● **WHAT IS BEING ASKED**:
Keep the pictures out. Write out every line of the listing exactly.

● **INFORMATION PROVIDED**:
== Segment start ==
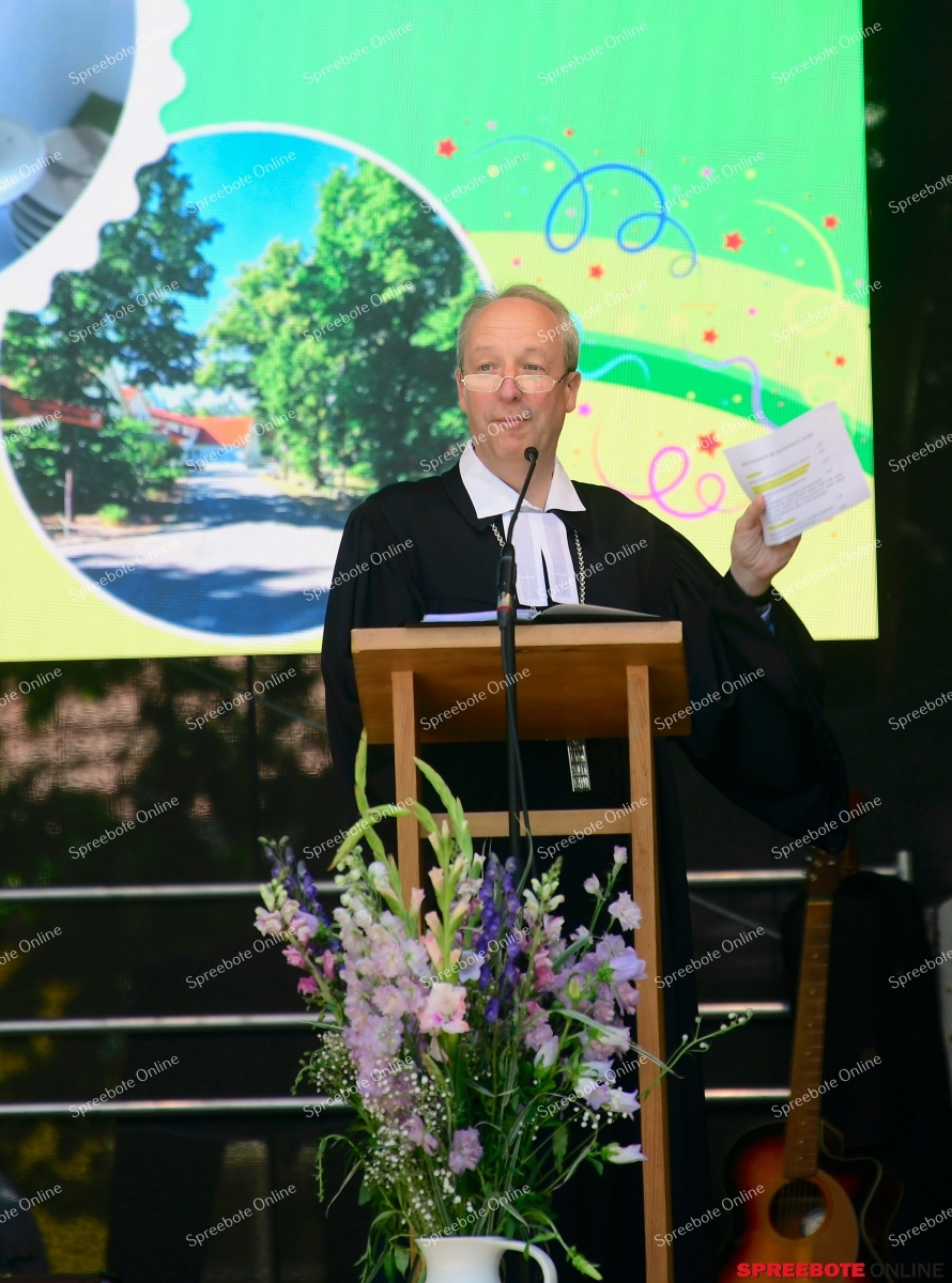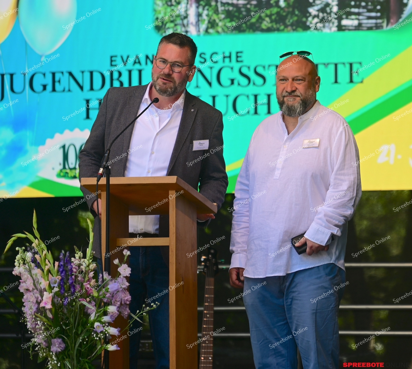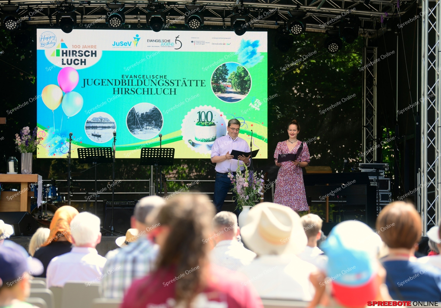 Christoph Ritter, Vorstand von Jusev, eröffnete die Feierlichkeiten und begrüßte Gäste, Weggefährten, Freunde und Mitstreiter mit einfühlsamen Worten zum 100-jährigen Bestehen der Evangelischen Jugendbildungsstätte Hirschluch. In seiner Ansprache würdigte er die tiefe geistliche und gesellschaftliche Bedeutung dieses besonderen Ortes im Wandel der Zeiten. Im Anschluss hielt Landesbischof Christian Stäblein die Predigt – eine besinnliche und zugleich kraftvolle Botschaft, die die Herzen der Anwesenden bewegte. Musikalisch wurde der Festakt begleitet vom Jugend-Posaunenchor Oderland, der mit festlichen Klängen dem Anlass eine würdevolle Atmosphäre verlieh. Dem festlichen Charakter entsprechend gab es anschließend Mitmachaktionen mit der United-Band, gemeinsam mit der Evangelischen Jugend Oderland-Spree. Im Zusammenspiel mit den Gästen entstand ein lebendiges, fröhliches Miteinander – ein zauberhafter Ausdruck gelebter Gemeinschaft im Geist des Evangeliums.
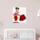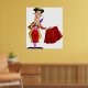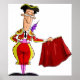 Um toureiro no anel com o touro. O matador tem uma capa vermelha. Esta design parece realmente eficaz nestes Poster
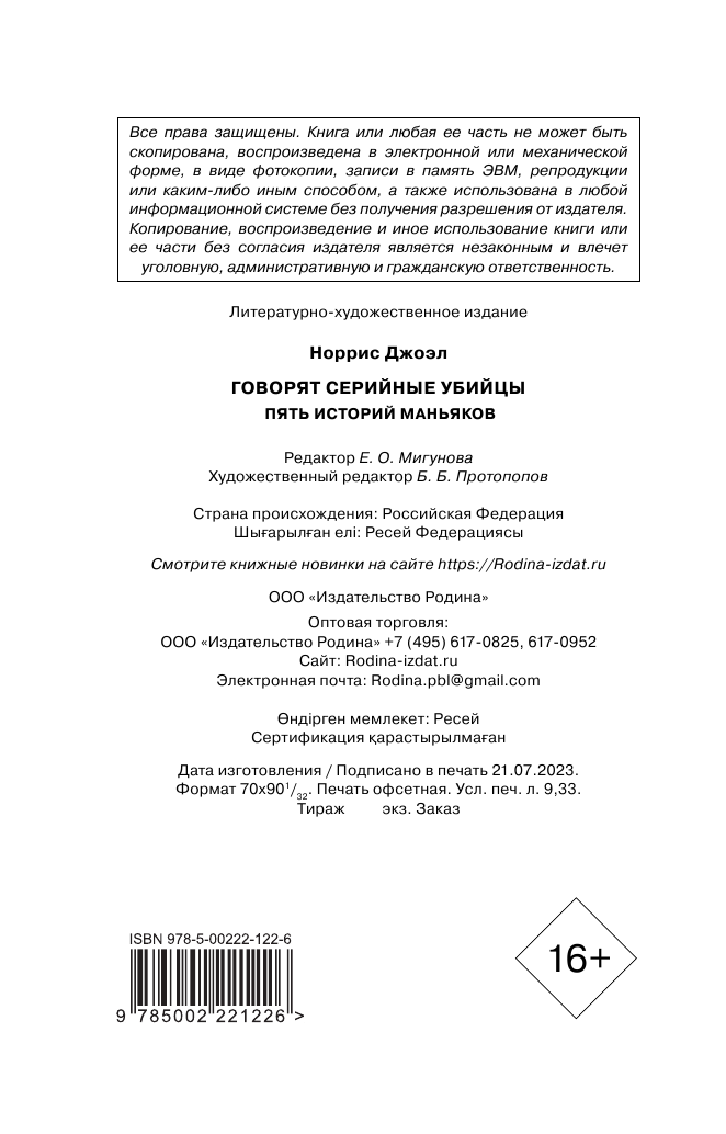 Говорят серийные убийцы. Пять историй маньяков (Джоэл Норрис); Эксмо, Редакция 1, 2024
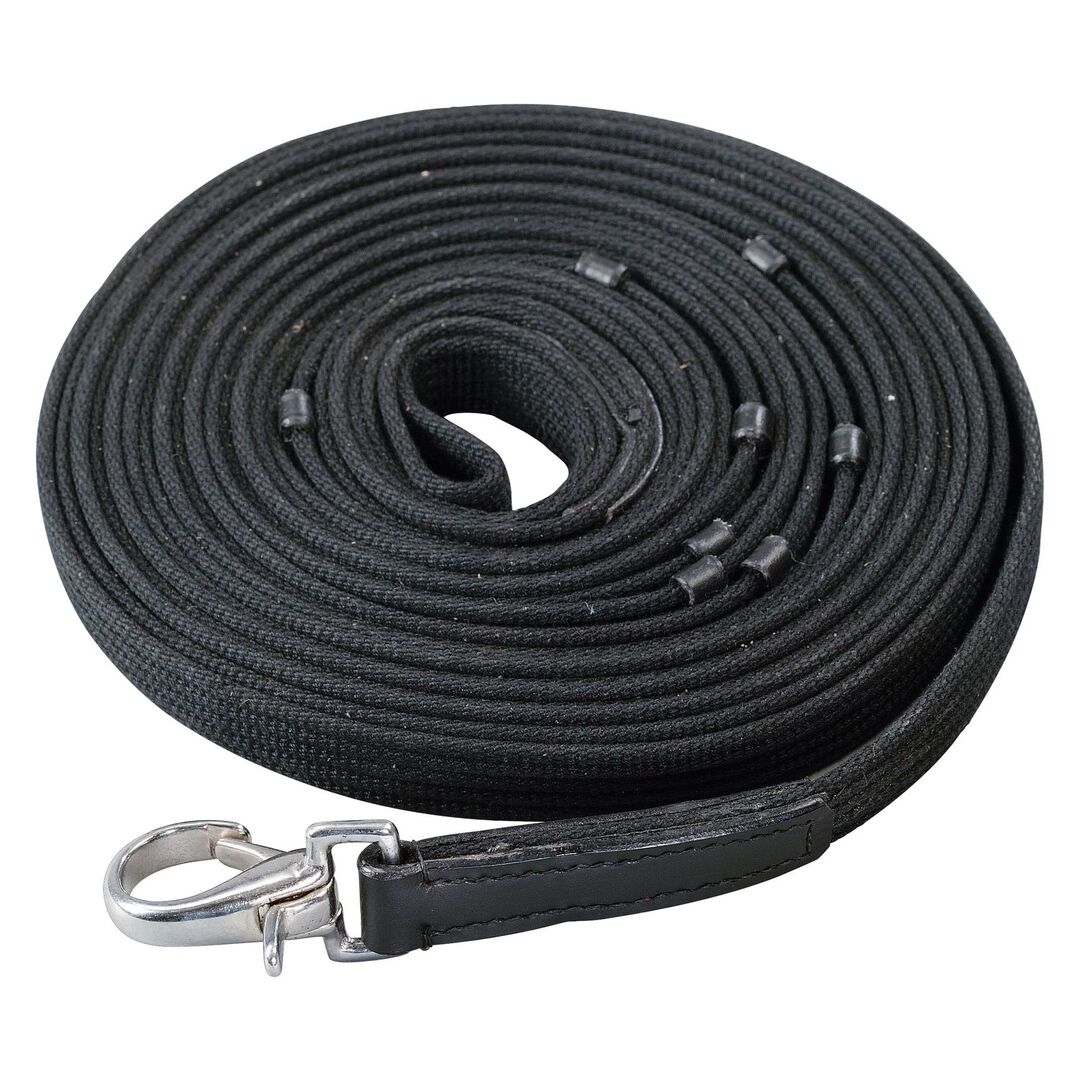 Loesdau Longe, 8 m Die Longe ist aus stabilem Gurtmaterial hergestellt und hält jeder Belastung stand. Mit Handschlaufe und Karabiner. Ohne Wirbel und mit Lederstegen. Material: 80% Polyester, 20% Baumwolle
== Segment end ==
● **REPLY TO THE TASK**:
 Christoph Ritter, Vorstand von Jusev, eröffnete die Feierlichkeiten und begrüßte Gäste, Weggefährten, Freunde und Mitstreiter mit einfühlsamen Worten zum 100-jährigen Bestehen der Evangelischen Jugendbildungsstätte Hirschluch. In seiner Ansprache würdigte er die tiefe geistliche und gesellschaftliche Bedeutung dieses besonderen Ortes im Wandel der Zeiten. Im Anschluss hielt Landesbischof Christian Stäblein die Predigt – eine besinnliche und zugleich kraftvolle Botschaft, die die Herzen der Anwesenden bewegte. Musikalisch wurde der Festakt begleitet vom Jugend-Posaunenchor Oderland, der mit festlichen Klängen dem Anlass eine würdevolle Atmosphäre verlieh. Dem festlichen Charakter entsprechend gab es anschließend Mitmachaktionen mit der United-Band, gemeinsam mit der Evangelischen Jugend Oderland-Spree. Im Zusammenspiel mit den Gästen entstand ein lebendiges, fröhliches Miteinander – ein zauberhafter Ausdruck gelebter Gemeinschaft im Geist des Evangeliums.
 Um toureiro no anel com o touro. O matador tem uma capa vermelha. Esta design parece realmente eficaz nestes Poster
 Говорят серийные убийцы. Пять историй маньяков (Джоэл Норрис); Эксмо, Редакция 1, 2024
 Loesdau Longe, 8 m Die Longe ist aus stabilem Gurtmaterial hergestellt und hält jeder Belastung stand. Mit Handschlaufe und Karabiner. Ohne Wirbel und mit Lederstegen. Material: 80% Polyester, 20% Baumwolle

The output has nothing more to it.